First, sanctions against one country can slow down the entire global economy. In this era of globalization, markets have become more interconnected, and a slowdown in one part of the economy can impact another part, and the slowdown can spread like a communicable disease. It is likely for this reason that we see global stocks decline in sympathy with Russian stocks. Investors might want to consider selling positions that are especially sensitive to the economy. Industrial stocks and consumer discretionary stocks are therefore vulnerable.

Second, Russia is a major producer of some of the world’s most important commodities, and sanctions against the country could lead to export restrictions. Russia is among the top global producers of several commodities, including oil, nickel, palladium, platinum, wheat, and natural gas. Thus, it should come as no surprise that the prices of several of these commodities – oil, palladium, platinum, and wheat — rose strongly on Thursday. Investors might want to take positions in ETFs that track the prices of these commodities, which I list here:

  • Oil: United States Oil Fund LP (NYSEArca:USO)
  • Nickel: iPath Nickel ETN (NYSEArca:JJN)
  • Palladium: ETFs Physical Palladium Shares (NYSEArca:PALL)
  • Platinum: ETFs Physical Platinum Shares (NASDAQ:PLTM)
  • Wheat: Teucrium Wheat Fund (NYSEArca:WEAT)
  • Natural Gas: iPath Natural Gas ETF (NYSEArca:GAZ)

They all have the potential to be beneficiaries, but if you want to pick just one, go with palladium, given that Russia controls about 40 percent of the palladium market. The one to avoid is natural gas, because this is still a highly localized market.

Investors should also consider owning shares in companies that will benefit from increases in these commodities, although perhaps more importantly investors should avoid companies that will suffer as these commodities’ prices rise. A rising oil price hurts virtually every company, but airlines and trucking companies will get hit especially hard. Platinum and palladium are essential materials in catalytic converters that go into cars. While these are relatively small input costs for car manufacturers, investors should be aware that these are very tiny markets, and a supply shock in a very tiny market can create a price increase of several multiples. I would avoid automobile manufacturers for the time being.

Third, while we all want to avoid war, historical evidence leads me to the observation that economic sanctions, or to put the term more bluntly, “economic warfare,” precedes war. The potential for war means that you need to have shares of defense contractors on your radar. These companies are actually relatively cheap, because they haven’t grown over the past couple of years. Investors should also consider owning commodities that will be in demand during a time of war. Base metals such as copper and zinc come to mind.
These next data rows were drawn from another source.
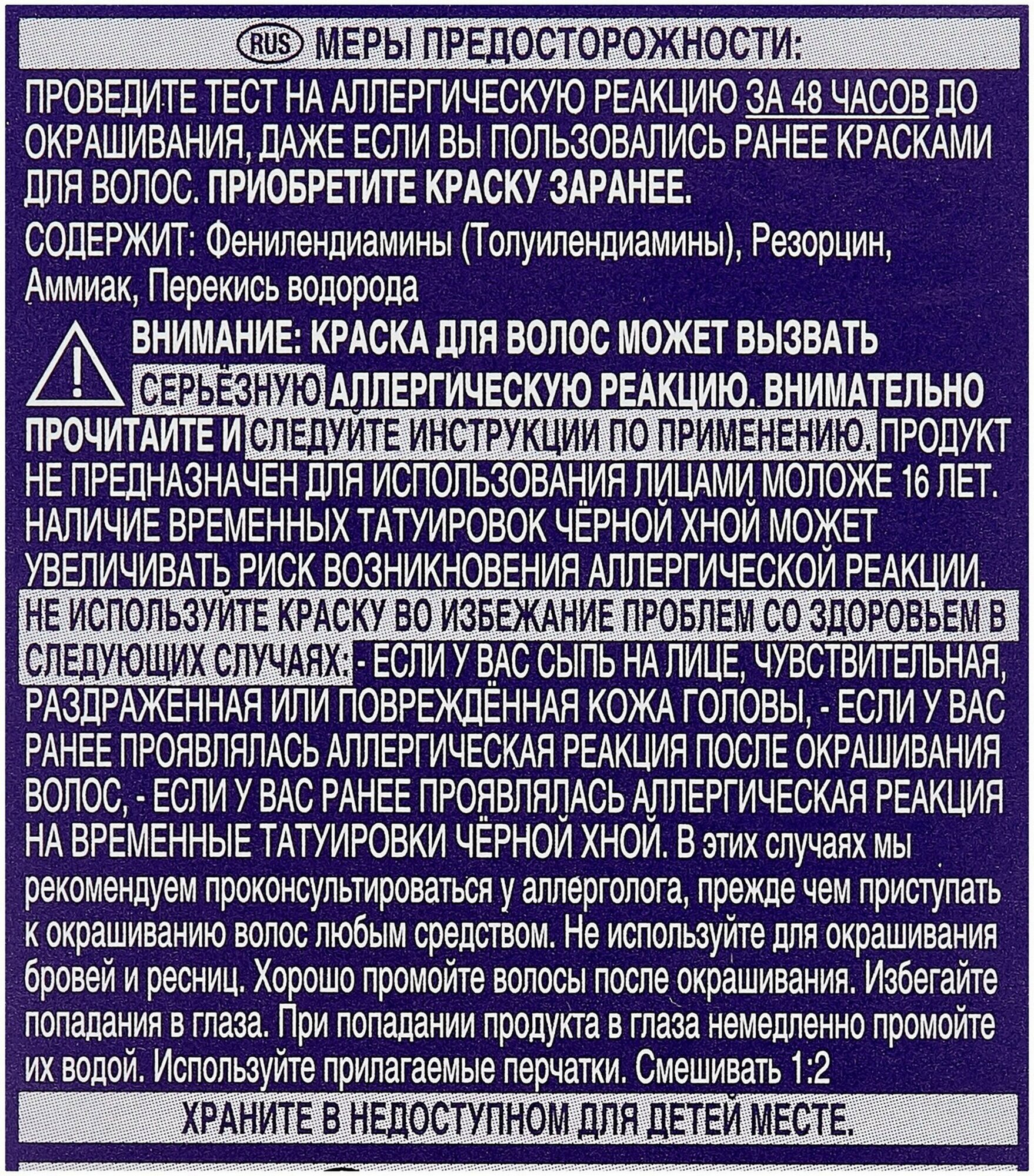 | Способ применения | 1) Приготовьте смесь для окрашивания 2) Нанесите крем-краску только на сухие волосы для получения интенсивного результата, затем смойте по окончании времени воздействия водой 3)Нанесите сыворотку Интенсивный блеск на влажные волосы. Более подробную инструкцию смотрите внутри упаковки. |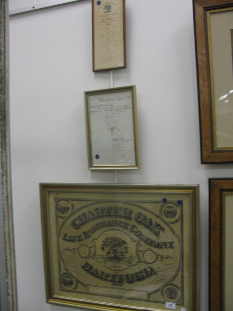Three piece Charter Oak Life Insurance Company of Hartford 19th century broadside with names of officers, along with dinner menu for Charter Oak, 1868 and 1875 handwritten signatures of officers.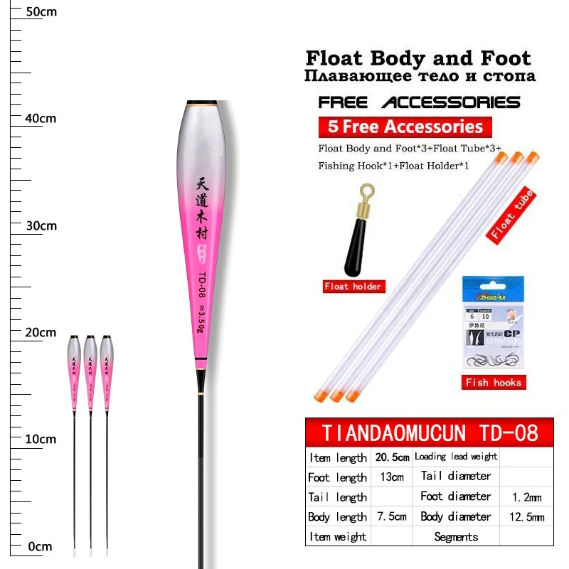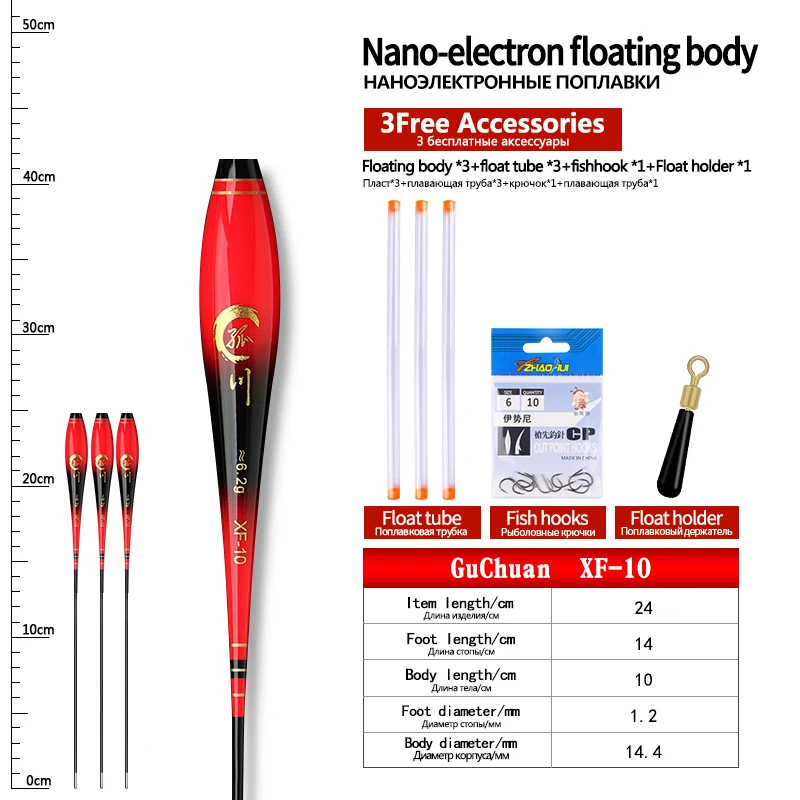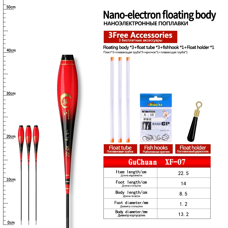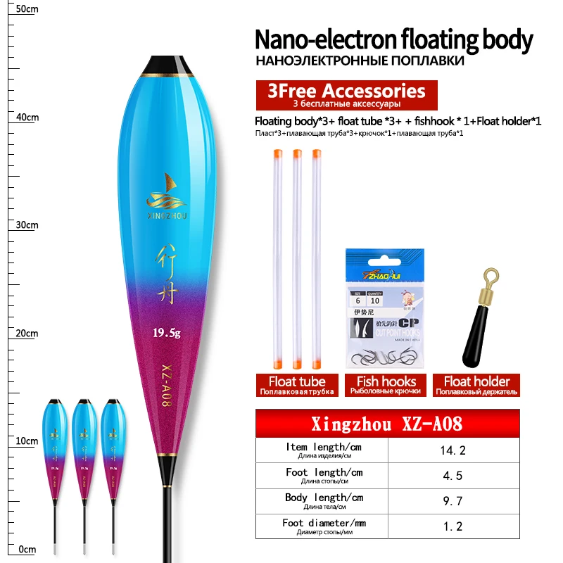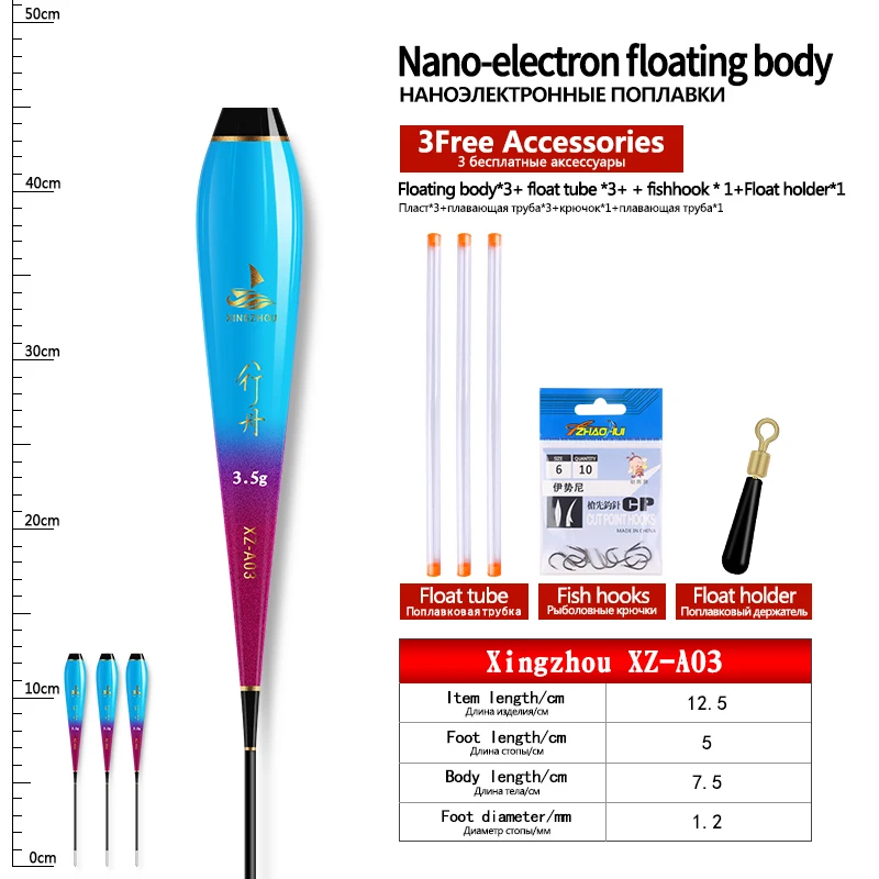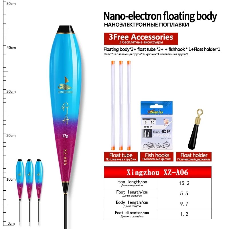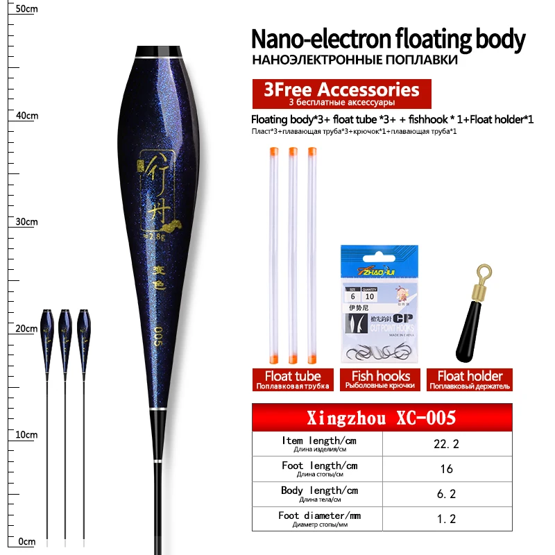 3PCS Nano Float Body Float Foot+3PCS Tubes+1 Bag Hooks+1 Float Holder Luminous Buoy Body No Tail No CR425 Battery Fishing Tools

You can buy the Powershares DB Base Metals ETF (NYSEARCA:DBB), which has actually risen 10 percent in just the past month.

Finally economic sanctions lead to economic uncertainty, and this leads people to buy gold. So I would consider buying some gold, and the best way to do so using an ETF is through the Sprott Physical Gold ETF (NYSEARCA:PHYS), which has a tax advantage over the more popular gold fund the SPDR Gold Trust (NYSEARCA:GLD).

Ultimately, economic sanctions will probably not end well. They have the potential to have a serious impact on unintended targets. With this in mind, you should keep on your toes and consider putting on some of the trades I mention in this article.

Disclosure: Ben Kramer-Miller has no position in the stocks or ETFs mentioned in this article.